*Work to complete*
It would help if you retyped the data exactly, leaving out the pictures.

Excerpts from a dataset:
****************************************
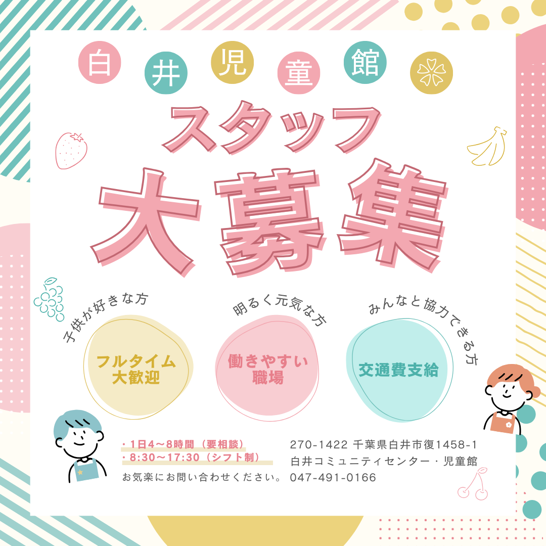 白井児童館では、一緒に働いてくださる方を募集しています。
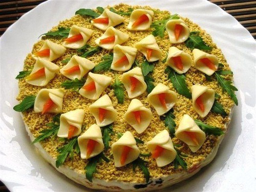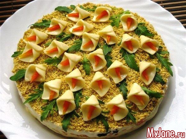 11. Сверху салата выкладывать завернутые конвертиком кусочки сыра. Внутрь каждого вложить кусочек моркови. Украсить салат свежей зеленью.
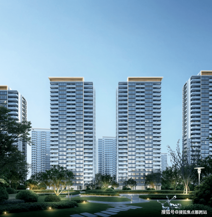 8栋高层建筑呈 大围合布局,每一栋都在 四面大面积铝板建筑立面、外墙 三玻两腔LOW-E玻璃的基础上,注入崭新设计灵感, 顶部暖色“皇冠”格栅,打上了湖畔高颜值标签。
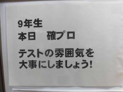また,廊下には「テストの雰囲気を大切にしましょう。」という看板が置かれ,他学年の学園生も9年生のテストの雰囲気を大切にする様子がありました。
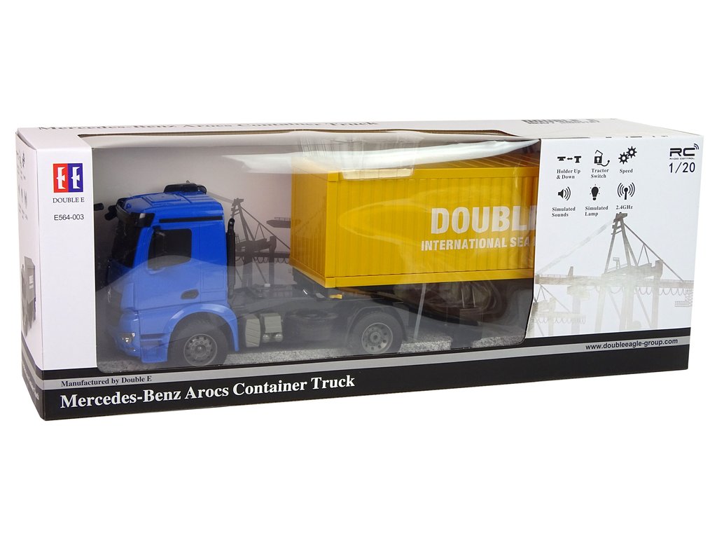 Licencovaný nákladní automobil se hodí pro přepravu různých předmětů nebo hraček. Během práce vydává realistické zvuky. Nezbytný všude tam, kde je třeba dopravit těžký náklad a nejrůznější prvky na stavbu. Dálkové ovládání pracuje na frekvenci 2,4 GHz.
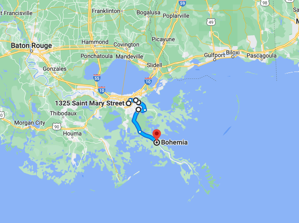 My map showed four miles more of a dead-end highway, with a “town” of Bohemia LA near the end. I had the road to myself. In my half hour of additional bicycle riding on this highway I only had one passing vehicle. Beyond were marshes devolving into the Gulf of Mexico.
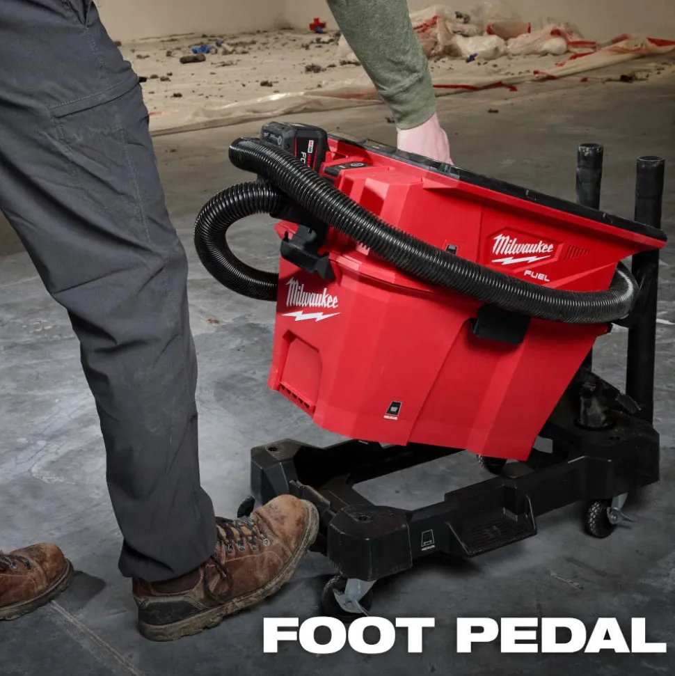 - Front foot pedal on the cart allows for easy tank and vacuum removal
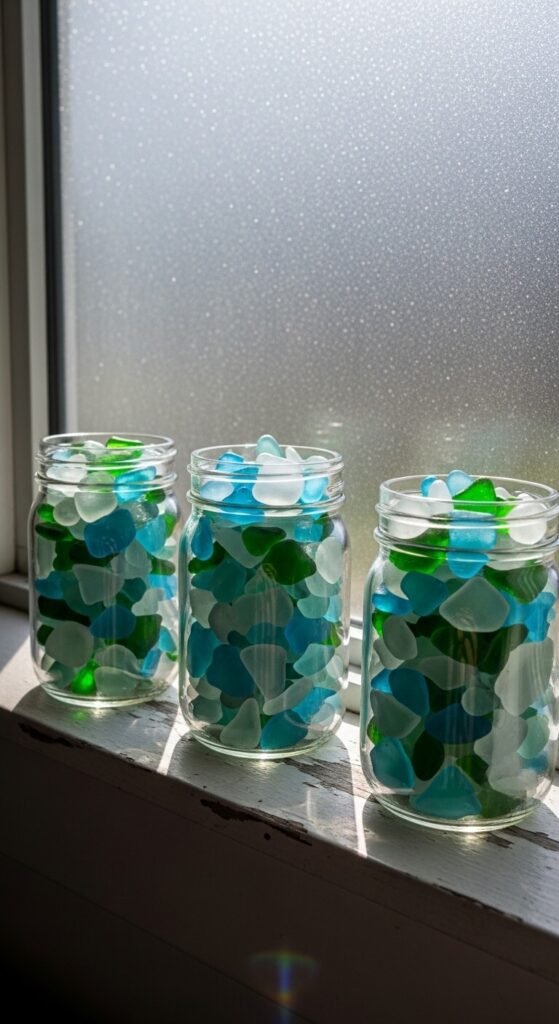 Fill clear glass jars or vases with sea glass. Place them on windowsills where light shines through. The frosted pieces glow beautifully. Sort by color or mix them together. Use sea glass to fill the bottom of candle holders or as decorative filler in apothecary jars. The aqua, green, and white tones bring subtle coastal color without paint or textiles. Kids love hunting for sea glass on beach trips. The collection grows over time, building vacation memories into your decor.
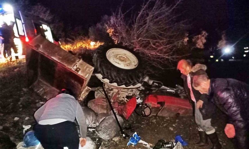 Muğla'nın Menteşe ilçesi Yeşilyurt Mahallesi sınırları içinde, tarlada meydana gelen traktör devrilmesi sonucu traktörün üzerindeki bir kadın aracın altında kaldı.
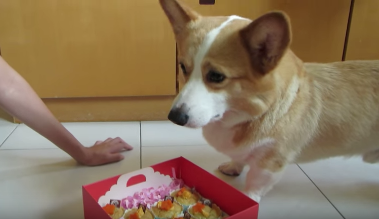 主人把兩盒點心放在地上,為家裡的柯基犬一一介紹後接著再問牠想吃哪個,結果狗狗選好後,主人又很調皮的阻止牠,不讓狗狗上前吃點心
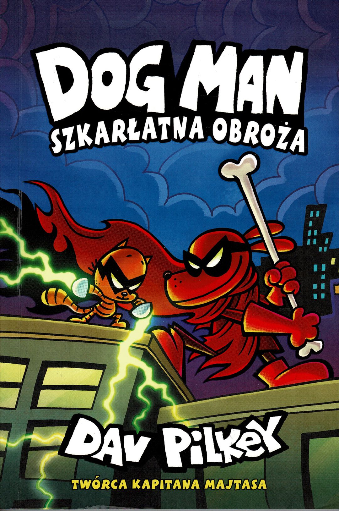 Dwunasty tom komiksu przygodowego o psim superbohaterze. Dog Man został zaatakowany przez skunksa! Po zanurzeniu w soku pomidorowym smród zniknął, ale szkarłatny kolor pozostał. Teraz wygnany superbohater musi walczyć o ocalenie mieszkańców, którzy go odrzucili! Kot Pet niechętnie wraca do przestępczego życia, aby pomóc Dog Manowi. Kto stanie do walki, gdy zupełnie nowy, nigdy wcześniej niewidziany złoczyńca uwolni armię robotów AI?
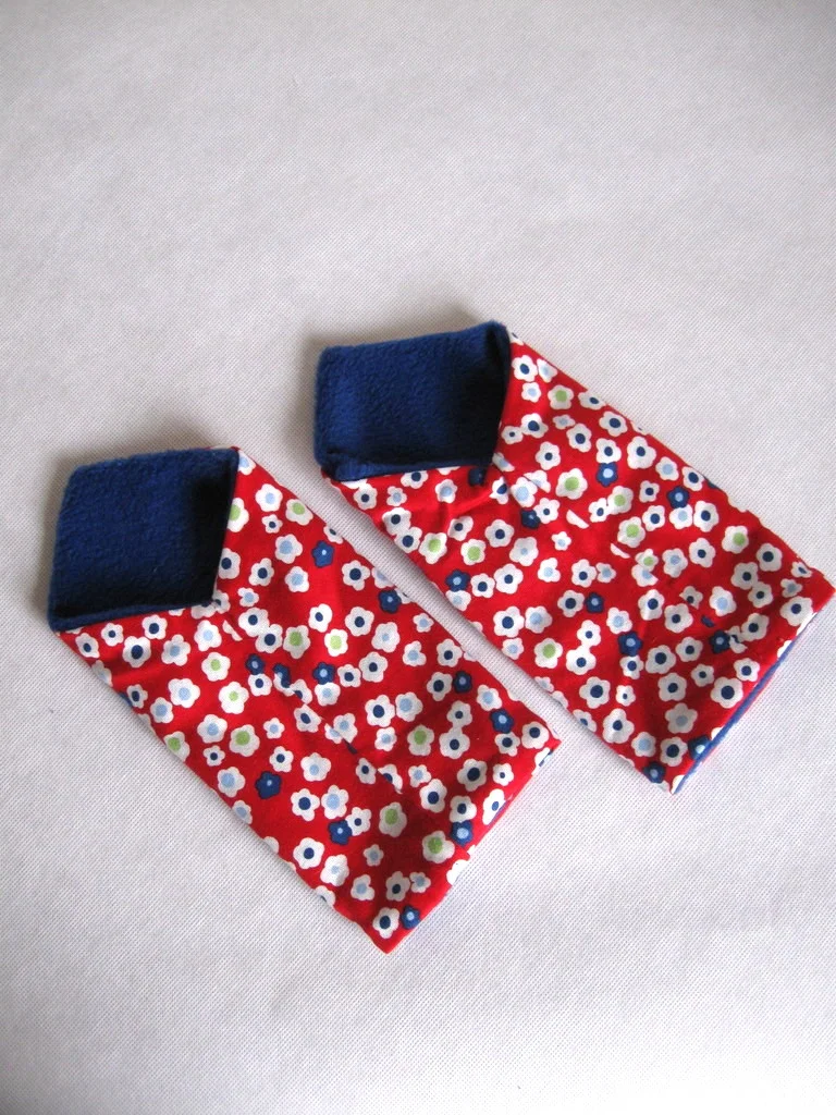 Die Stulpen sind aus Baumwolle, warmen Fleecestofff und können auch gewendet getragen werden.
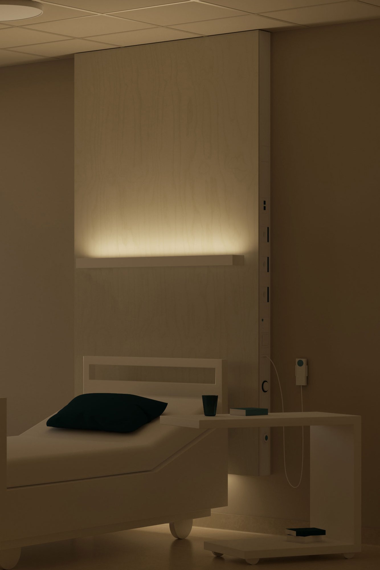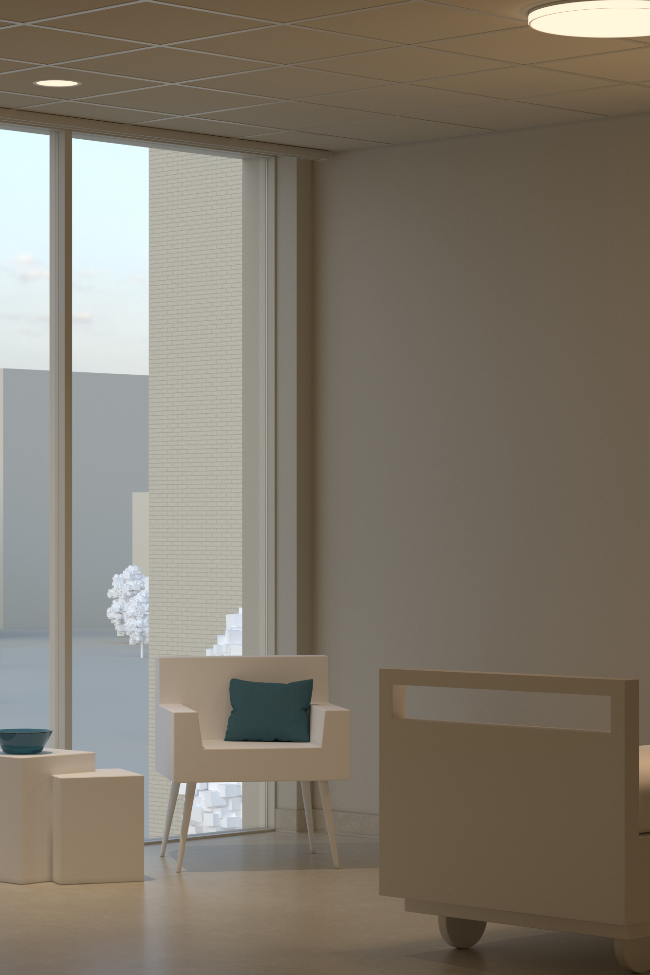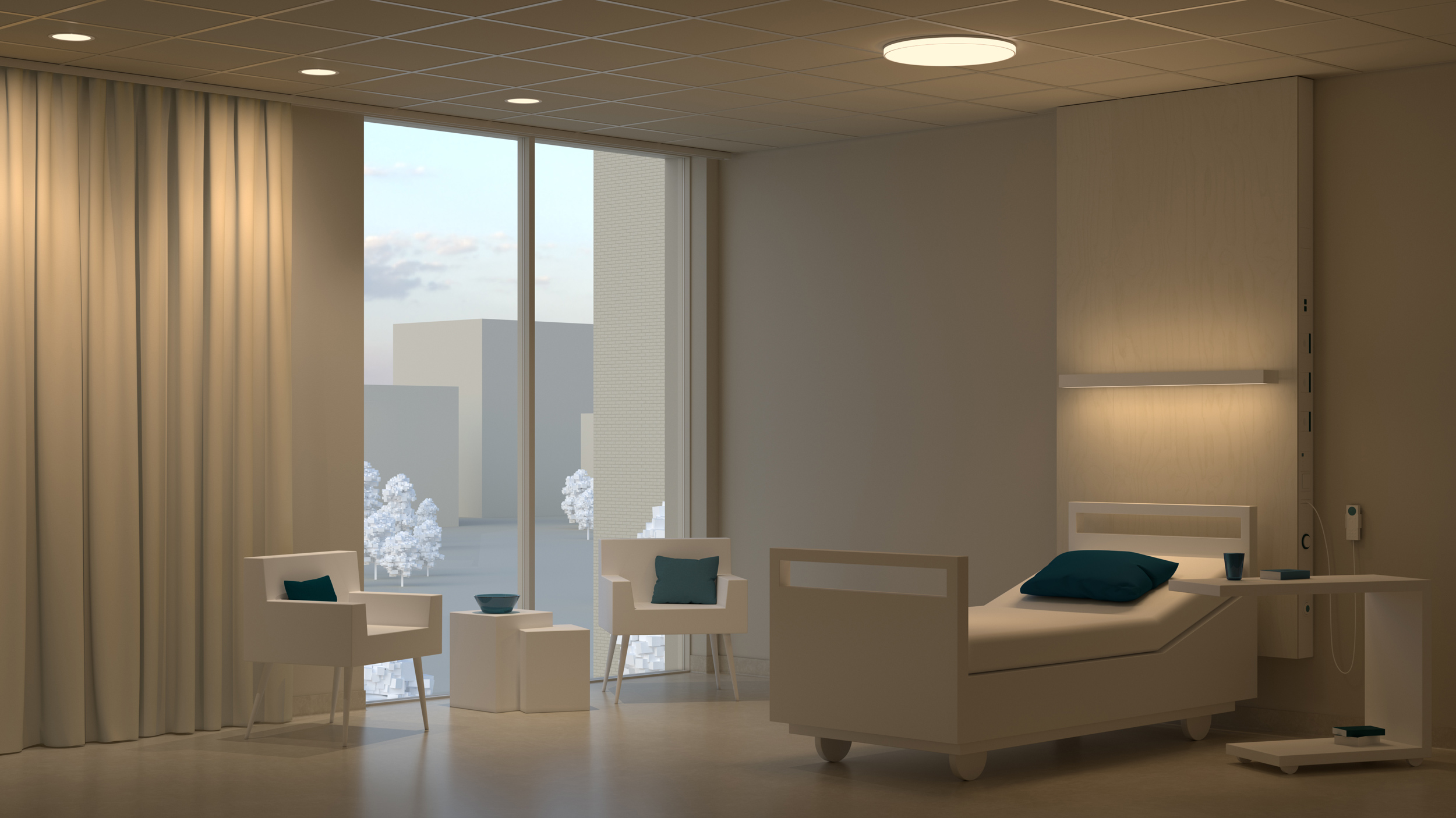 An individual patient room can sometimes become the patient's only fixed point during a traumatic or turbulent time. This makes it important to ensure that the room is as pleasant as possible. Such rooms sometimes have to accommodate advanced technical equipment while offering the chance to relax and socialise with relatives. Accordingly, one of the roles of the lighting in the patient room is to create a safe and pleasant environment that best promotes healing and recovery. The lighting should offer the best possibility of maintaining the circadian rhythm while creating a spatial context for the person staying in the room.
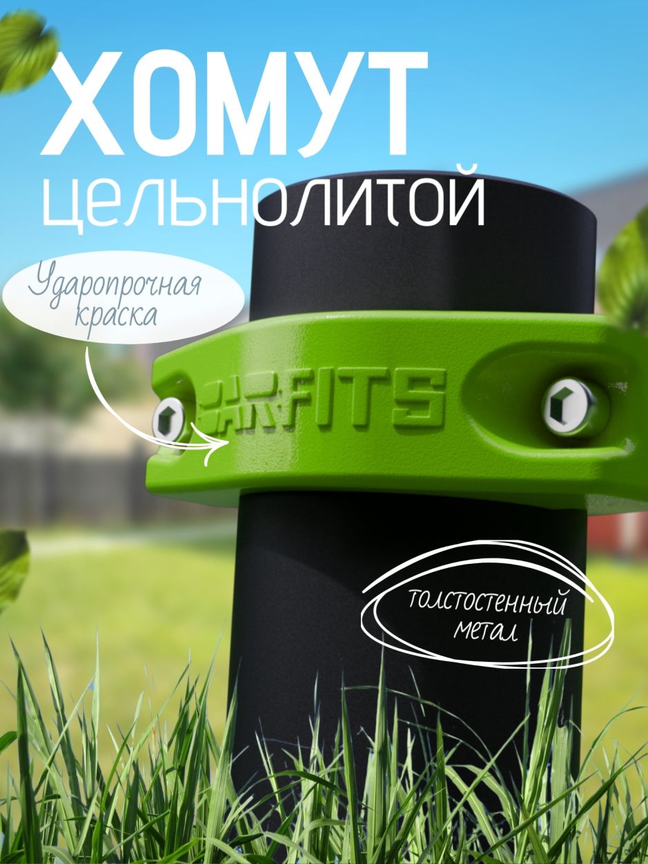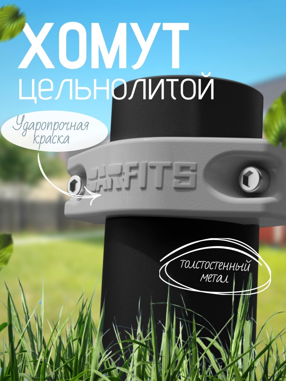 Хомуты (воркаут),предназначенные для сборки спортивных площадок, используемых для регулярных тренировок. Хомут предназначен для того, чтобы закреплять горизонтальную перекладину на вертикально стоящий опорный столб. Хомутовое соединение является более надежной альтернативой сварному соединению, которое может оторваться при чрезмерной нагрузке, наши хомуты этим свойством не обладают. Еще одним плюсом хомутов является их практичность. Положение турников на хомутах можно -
****************************************
*Output*
 白井児童館では、一緒に働いてくださる方を募集しています。
 11. Сверху салата выкладывать завернутые конвертиком кусочки сыра. Внутрь каждого вложить кусочек моркови. Украсить салат свежей зеленью.
 8栋高层建筑呈 大围合布局,每一栋都在 四面大面积铝板建筑立面、外墙 三玻两腔LOW-E玻璃的基础上,注入崭新设计灵感, 顶部暖色“皇冠”格栅,打上了湖畔高颜值标签。
また,廊下には「テストの雰囲気を大切にしましょう。」という看板が置かれ,他学年の学園生も9年生のテストの雰囲気を大切にする様子がありました。
 Licencovaný nákladní automobil se hodí pro přepravu různých předmětů nebo hraček. Během práce vydává realistické zvuky. Nezbytný všude tam, kde je třeba dopravit těžký náklad a nejrůznější prvky na stavbu. Dálkové ovládání pracuje na frekvenci 2,4 GHz.
 My map showed four miles more of a dead-end highway, with a “town” of Bohemia LA near the end. I had the road to myself. In my half hour of additional bicycle riding on this highway I only had one passing vehicle. Beyond were marshes devolving into the Gulf of Mexico.
 - Front foot pedal on the cart allows for easy tank and vacuum removal
 Fill clear glass jars or vases with sea glass. Place them on windowsills where light shines through. The frosted pieces glow beautifully. Sort by color or mix them together. Use sea glass to fill the bottom of candle holders or as decorative filler in apothecary jars. The aqua, green, and white tones bring subtle coastal color without paint or textiles. Kids love hunting for sea glass on beach trips. The collection grows over time, building vacation memories into your decor.
 Muğla'nın Menteşe ilçesi Yeşilyurt Mahallesi sınırları içinde, tarlada meydana gelen traktör devrilmesi sonucu traktörün üzerindeki bir kadın aracın altında kaldı.
 主人把兩盒點心放在地上,為家裡的柯基犬一一介紹後接著再問牠想吃哪個,結果狗狗選好後,主人又很調皮的阻止牠,不讓狗狗上前吃點心
 Dwunasty tom komiksu przygodowego o psim superbohaterze. Dog Man został zaatakowany przez skunksa! Po zanurzeniu w soku pomidorowym smród zniknął, ale szkarłatny kolor pozostał. Teraz wygnany superbohater musi walczyć o ocalenie mieszkańców, którzy go odrzucili! Kot Pet niechętnie wraca do przestępczego życia, aby pomóc Dog Manowi. Kto stanie do walki, gdy zupełnie nowy, nigdy wcześniej niewidziany złoczyńca uwolni armię robotów AI?
 Die Stulpen sind aus Baumwolle, warmen Fleecestofff und können auch gewendet getragen werden.
 An individual patient room can sometimes become the patient's only fixed point during a traumatic or turbulent time. This makes it important to ensure that the room is as pleasant as possible. Such rooms sometimes have to accommodate advanced technical equipment while offering the chance to relax and socialise with relatives. Accordingly, one of the roles of the lighting in the patient room is to create a safe and pleasant environment that best promotes healing and recovery. The lighting should offer the best possibility of maintaining the circadian rhythm while creating a spatial context for the person staying in the room.
 Хомуты (воркаут),предназначенные для сборки спортивных площадок, используемых для регулярных тренировок. Хомут предназначен для того, чтобы закреплять горизонтальную перекладину на вертикально стоящий опорный столб. Хомутовое соединение является более надежной альтернативой сварному соединению, которое может оторваться при чрезмерной нагрузке, наши хомуты этим свойством не обладают. Еще одним плюсом хомутов является их практичность. Положение турников на хомутах можно -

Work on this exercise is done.